Dr Lucia Tantardini is an Art Historian at the University of Cambridge, U.K.
Born and raised in Milan, she graduated from the University of Pavia with a degree in Art History. She then worked for three years in the Old Master Drawings and Paintings Department at Christie’s Milan and London and for another three years in the Prints and Drawings Department of the Art Institute of Chicago.
Through these experiences she developed her passion and expertise on master drawings and paintings, which she consolidated while working on her PhD – also at Cambridge – on the Luini, a family of artists bridging the period between Leonardo da Vinci’s arrival in Milan and Caravaggio’s departure from that city. Her book Aurelio Luini 1530-1593. The Complete Paintings and Drawings is the first monograph on this artist (forthcoming).
Dr Tantardini’s scholarship is primarily concerned with the development of the arts of drawing and painting in Renaissance and Early Modern Italy, particularly Milan and Florence. Her wider research interests embrace the European Renaissance and Early Modern period – visual arts and theory – and drawings from the late Medieval tradition of modelbooks until today.
Since she was a doctoral candidate she has been lecturing in the Department of History of Art at Cambridge. A recipient of numerous fellowships and awards, she was a post-doctoral Research Fellow at Clare Hall, Cambridge, a Visiting Scholar at the University of Milan, at the Fondazione Giorgio Cini, Venice, and at the Dutch University Institute of Art History, Florence.
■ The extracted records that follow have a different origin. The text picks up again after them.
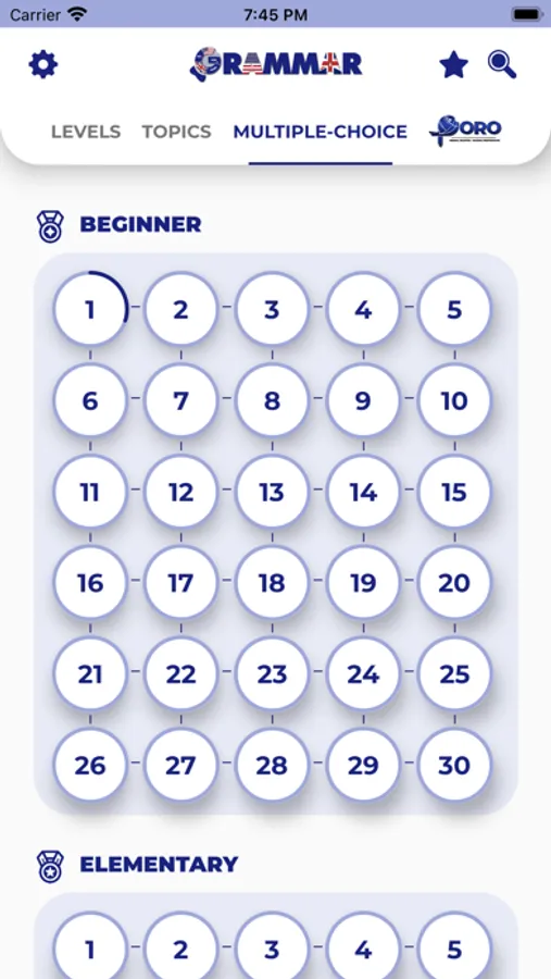 • Each level contains over 400 grammar activities, split into about 20 tests, and are made to mimic a real exam.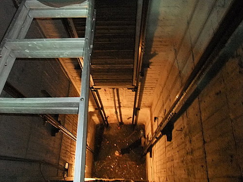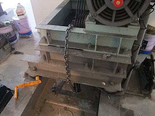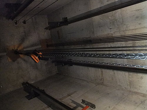 現在車廂只靠一部鏈條吊車吊起,當然調速機阻擋器早就放下了.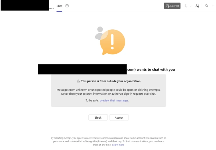 The intrusion begins with abuse of external collaboration features in Microsoft Teams, where an attacker operating from a separate tenant initiates contact while impersonating internal support personnel as a means to social engineer the user. This activity does not stem from a weakness in Microsoft Teams or its built‑in security protections. Instead, attackers abuse legitimate collaboration features by persuading users to override multiple, clearly presented security warnings, highlighting the broader challenge of defending against attacks driven by social engineering rather than technical exploitation.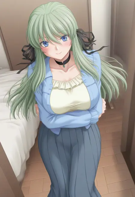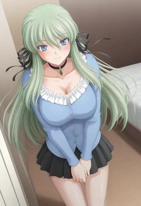 추천 프롬프트: Itsuki Kagashima, 파란 눈, 녹색 머리, 긴 머리, 머리 리본,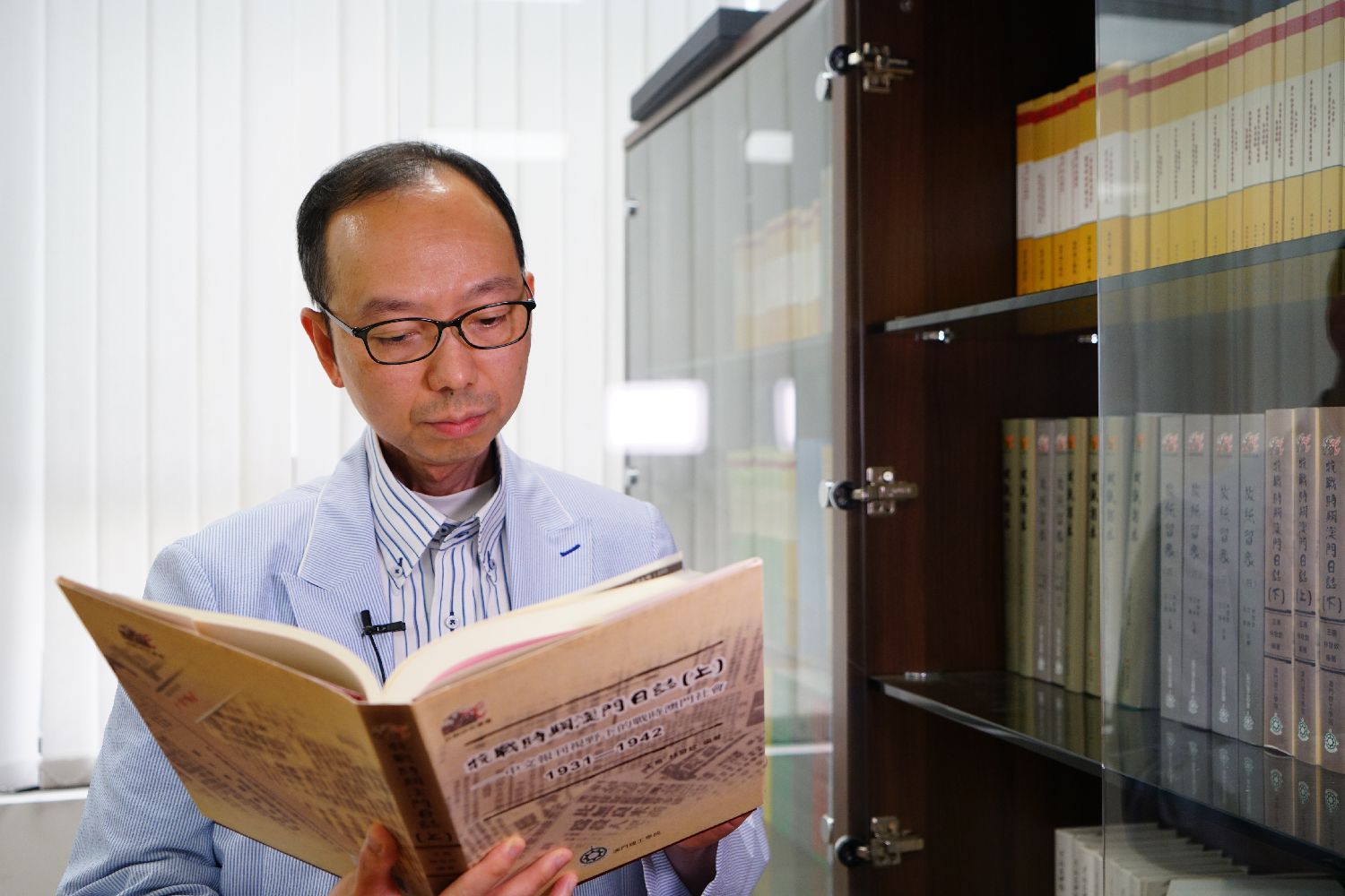7月24日,澳门理工大学人文及社会科学学院院长、澳门口述历史协会会长林发钦翻阅《抗战时期澳门日志(上)》。(图片来源:中新社)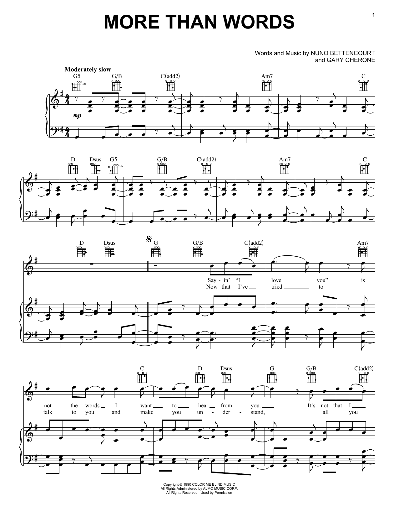 Download or print Extreme More Than Words sheet music, chords and digital score arranged for Solo Guitar. This Love score includes 5 page(s).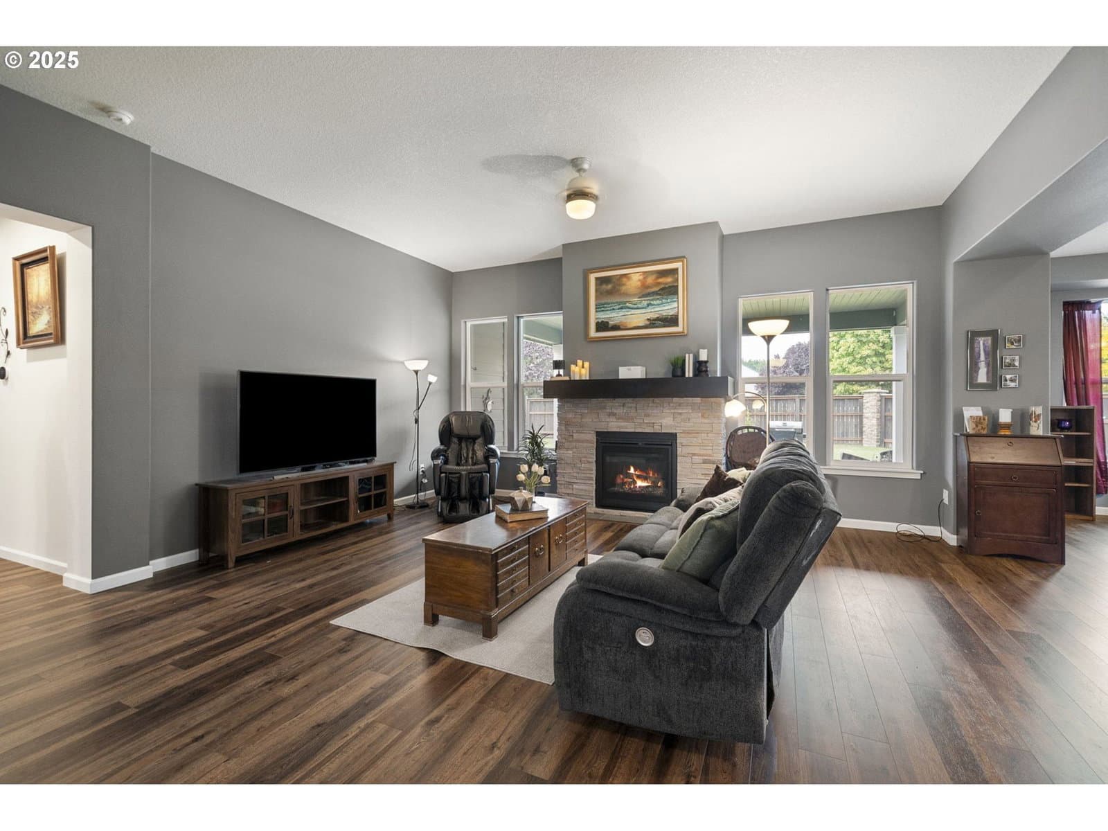 Looking for a home on a desirable corner lot in the heart of Battle Ground, well here you have it. This beautifully designed home offers the perfect balance of comfort, style, and functionality. With four bedrooms, two full bathrooms, and two additional half baths, the open-concept layout welcomes you with a warm living room featuring a cozy fireplace, a gourmet kitchen with granite counters, stainless steel appliances, and a large island, plus a serene main-level primary suite complete with a walk-in closet and spa-like bath. Upstairs, you’ll find a versatile bedroom with its own private half bath—perfect for guests, a home office, or a bonus room.Designed with today’s lifestyle in mind, much of the home has been pre-wired with Cat 5 wiring and tubing that connects directly to the equipment room, offering easy whole-home smart system integration. Outside, enjoy the fully fenced backyard with a covered patio for year-round entertaining, along with a spacious three-car garage for vehicles, storage, and hobbies. With its thoughtful features, modern finishes, and prime Battle Ground location, this home is ready to welcome you.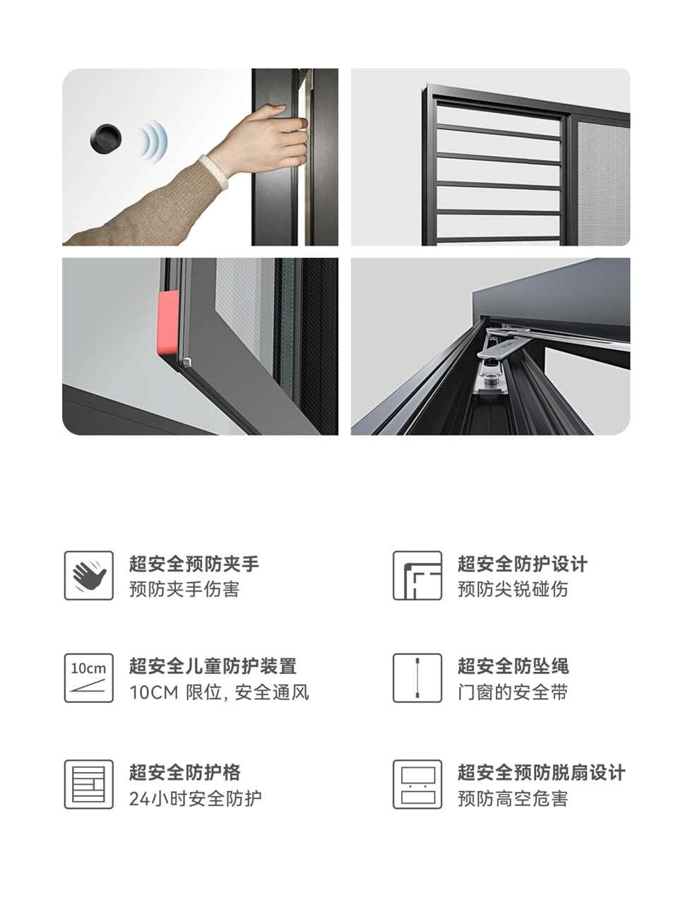 针对门窗居家生活使用中常见的“夹手、碰刮、坠落”三大安全问题,研发打造超安全三防系统门窗——“预防夹手、预防碰伤、预防坠落”,为关爱儿童居家安全,保驾护航。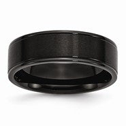 Stainless Steel Black IP-plated Grooved Polished & Brushed 7mm Wedding Band Ring

She is now an Official Fellow at Clare Hall.
Among other conferences, she organised and convened the Cambridge International Study Days Drawing in Cinquecento Milan and Drawing in Seicento Milan. In 2019, she organised the interdisciplinary conference Leonardo da Vinci 1519-2019: Art, History, Science at the Fitzwilliam Museum, Cambridge, to mark the fifth centenary of the death of the Florentine master.